TASK: From the first line to the last, print the records exactly, leaving out the pictures.

%%

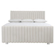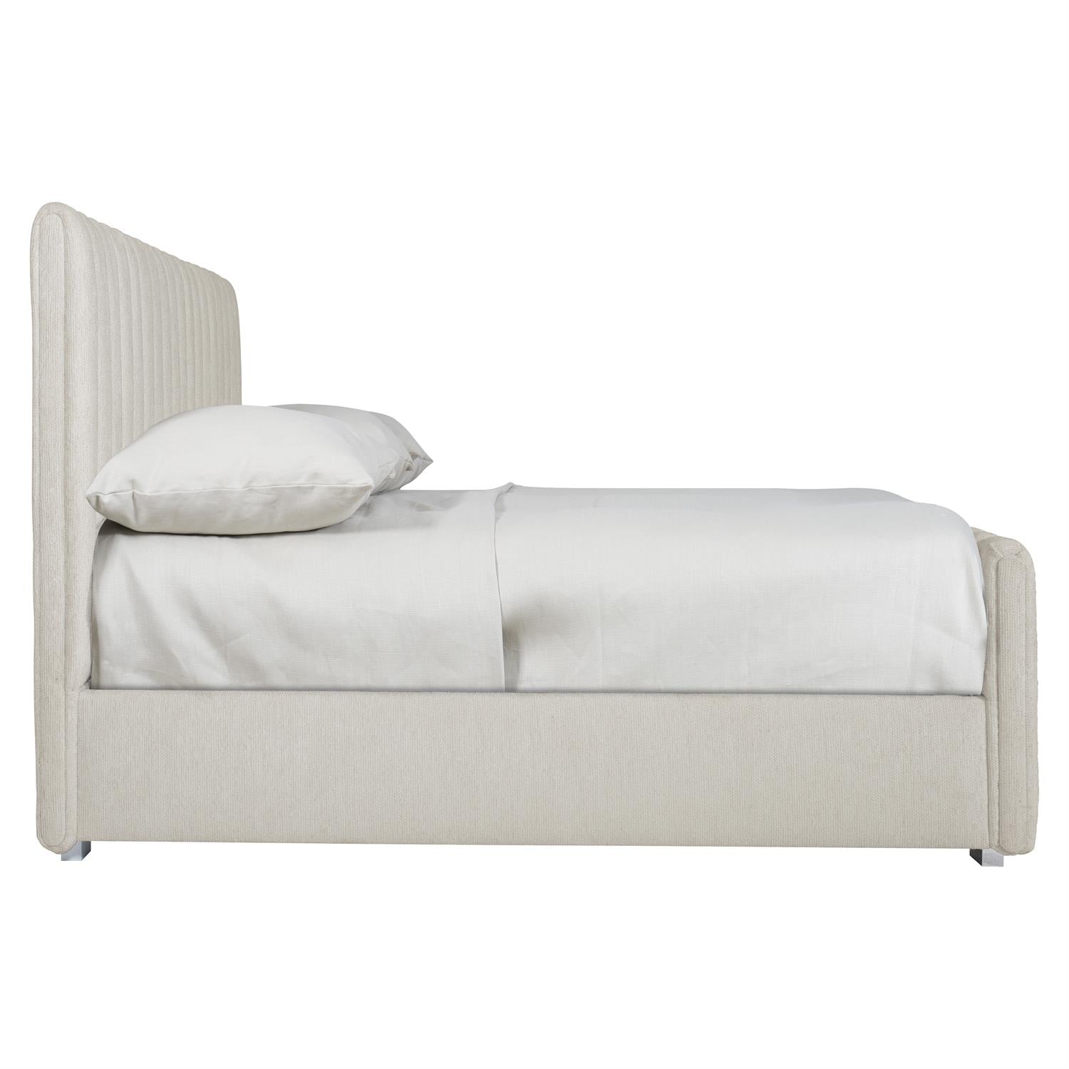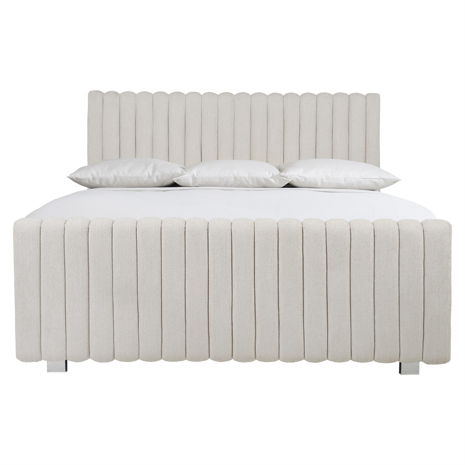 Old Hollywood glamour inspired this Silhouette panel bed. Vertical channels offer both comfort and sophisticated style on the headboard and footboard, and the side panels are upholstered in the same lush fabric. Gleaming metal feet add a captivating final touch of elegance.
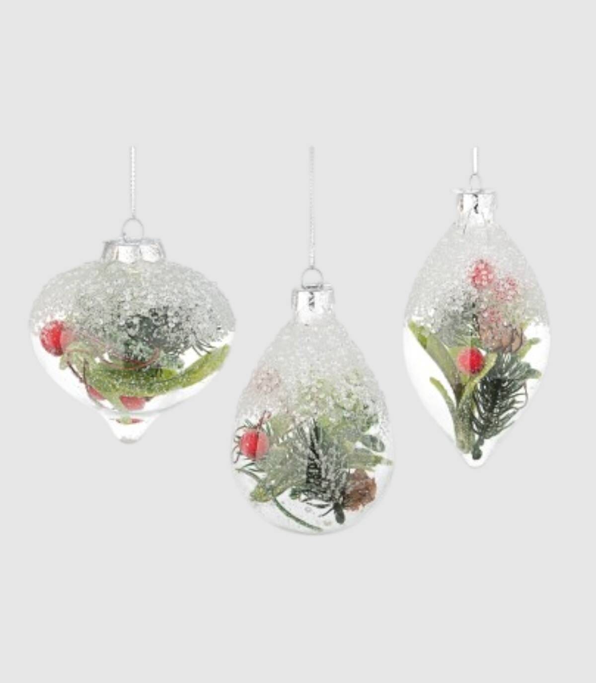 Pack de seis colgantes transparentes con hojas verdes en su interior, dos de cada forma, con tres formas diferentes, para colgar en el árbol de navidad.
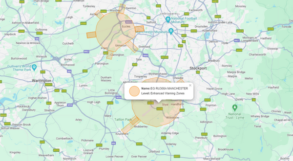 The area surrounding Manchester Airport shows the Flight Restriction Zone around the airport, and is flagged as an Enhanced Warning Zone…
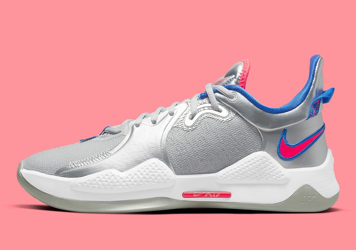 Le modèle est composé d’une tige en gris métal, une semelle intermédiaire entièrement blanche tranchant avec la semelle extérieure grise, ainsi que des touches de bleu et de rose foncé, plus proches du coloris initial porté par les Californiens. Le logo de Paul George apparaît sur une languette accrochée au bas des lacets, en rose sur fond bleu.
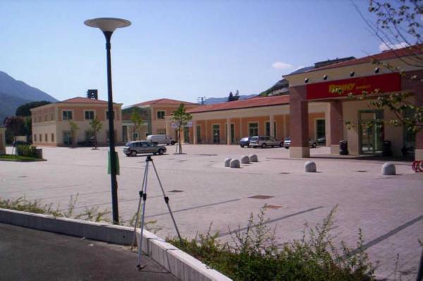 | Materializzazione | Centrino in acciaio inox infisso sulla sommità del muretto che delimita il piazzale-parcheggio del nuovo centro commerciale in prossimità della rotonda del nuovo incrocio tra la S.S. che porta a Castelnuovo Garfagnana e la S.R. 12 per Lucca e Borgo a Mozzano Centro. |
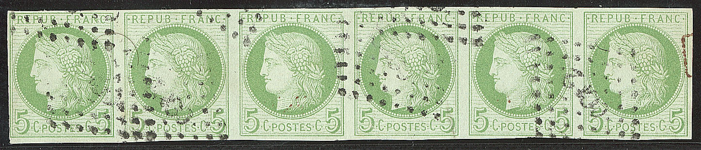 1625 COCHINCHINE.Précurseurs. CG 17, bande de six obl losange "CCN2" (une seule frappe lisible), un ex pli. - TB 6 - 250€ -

%%

RESULT OF THE EXERCISE:
 Old Hollywood glamour inspired this Silhouette panel bed. Vertical channels offer both comfort and sophisticated style on the headboard and footboard, and the side panels are upholstered in the same lush fabric. Gleaming metal feet add a captivating final touch of elegance.
 Pack de seis colgantes transparentes con hojas verdes en su interior, dos de cada forma, con tres formas diferentes, para colgar en el árbol de navidad.
 The area surrounding Manchester Airport shows the Flight Restriction Zone around the airport, and is flagged as an Enhanced Warning Zone…
 Le modèle est composé d’une tige en gris métal, une semelle intermédiaire entièrement blanche tranchant avec la semelle extérieure grise, ainsi que des touches de bleu et de rose foncé, plus proches du coloris initial porté par les Californiens. Le logo de Paul George apparaît sur une languette accrochée au bas des lacets, en rose sur fond bleu.
 | Materializzazione | Centrino in acciaio inox infisso sulla sommità del muretto che delimita il piazzale-parcheggio del nuovo centro commerciale in prossimità della rotonda del nuovo incrocio tra la S.S. che porta a Castelnuovo Garfagnana e la S.R. 12 per Lucca e Borgo a Mozzano Centro. |
 1625 COCHINCHINE.Précurseurs. CG 17, bande de six obl losange "CCN2" (une seule frappe lisible), un ex pli. - TB 6 - 250€ -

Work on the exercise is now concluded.